### Task brief
Your copy should begin with the line containing "填充:100%蚕丝 ;适应不", end with the line containing "A flash-flood warning", match the listing below exactly, and contain no pictures.

### Data shown
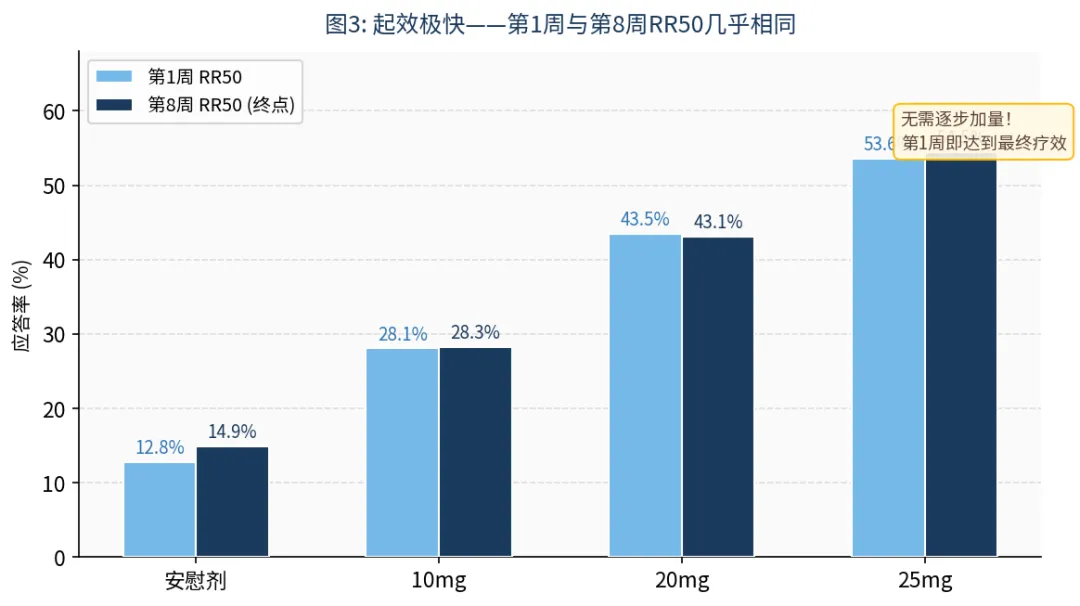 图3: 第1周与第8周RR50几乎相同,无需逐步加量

--

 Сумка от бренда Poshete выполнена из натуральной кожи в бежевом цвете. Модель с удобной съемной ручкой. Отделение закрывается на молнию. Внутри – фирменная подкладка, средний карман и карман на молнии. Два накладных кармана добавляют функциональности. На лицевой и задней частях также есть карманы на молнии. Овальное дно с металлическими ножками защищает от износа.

* * *

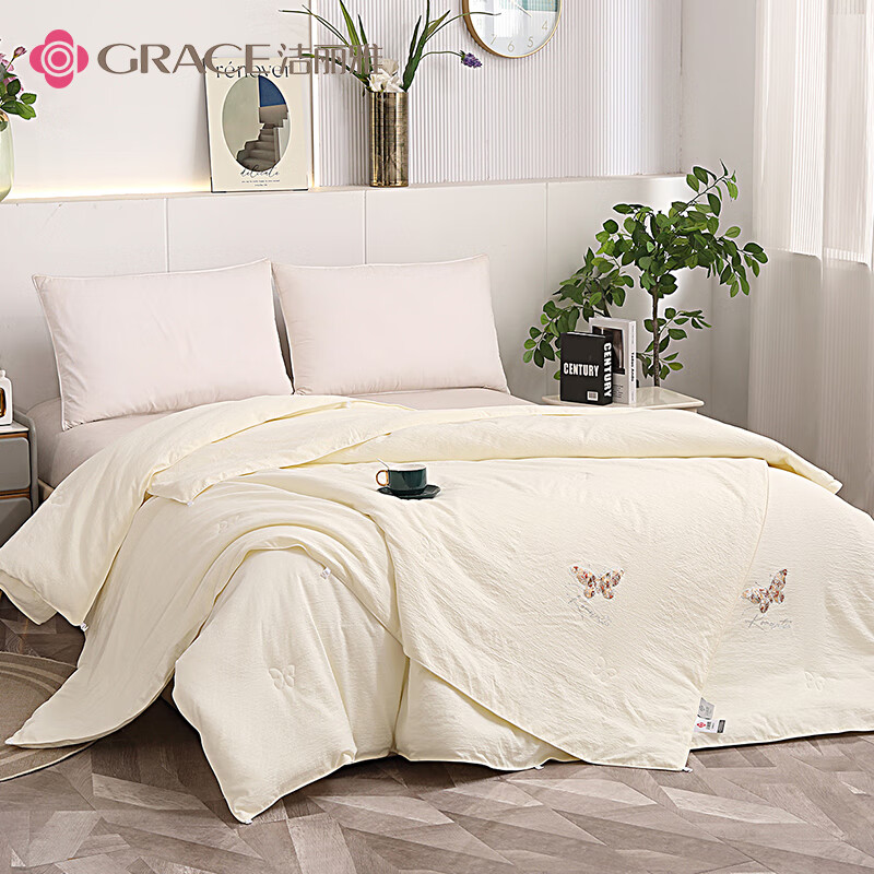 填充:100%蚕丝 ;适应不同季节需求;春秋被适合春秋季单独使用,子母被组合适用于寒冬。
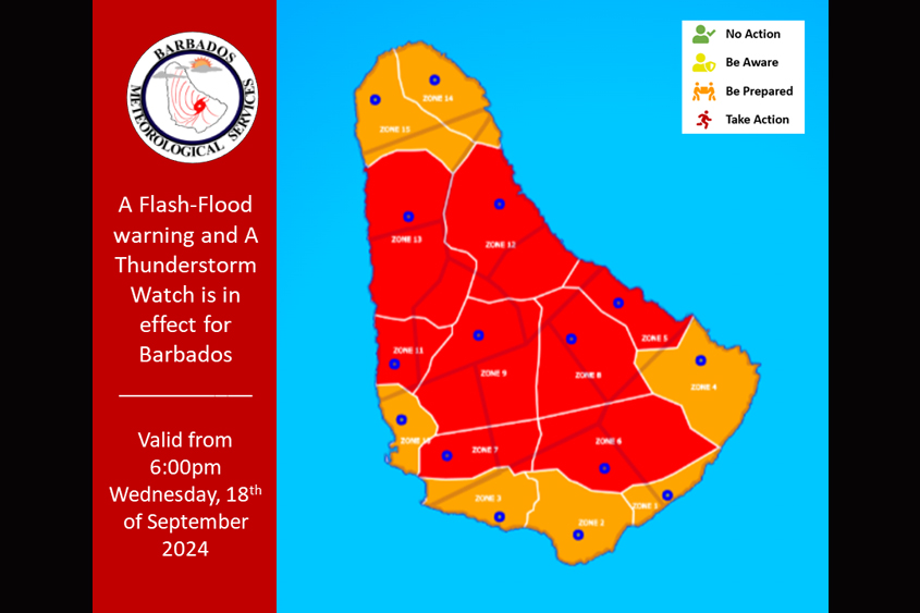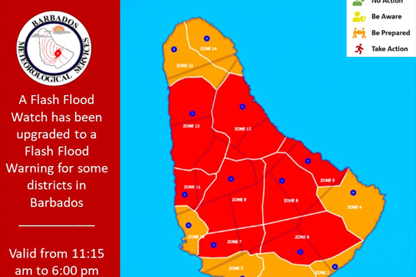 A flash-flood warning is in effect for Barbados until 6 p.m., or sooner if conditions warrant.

### Task result
 填充:100%蚕丝 ;适应不同季节需求;春秋被适合春秋季单独使用,子母被组合适用于寒冬。
 A flash-flood warning is in effect for Barbados until 6 p.m., or sooner if conditions warrant.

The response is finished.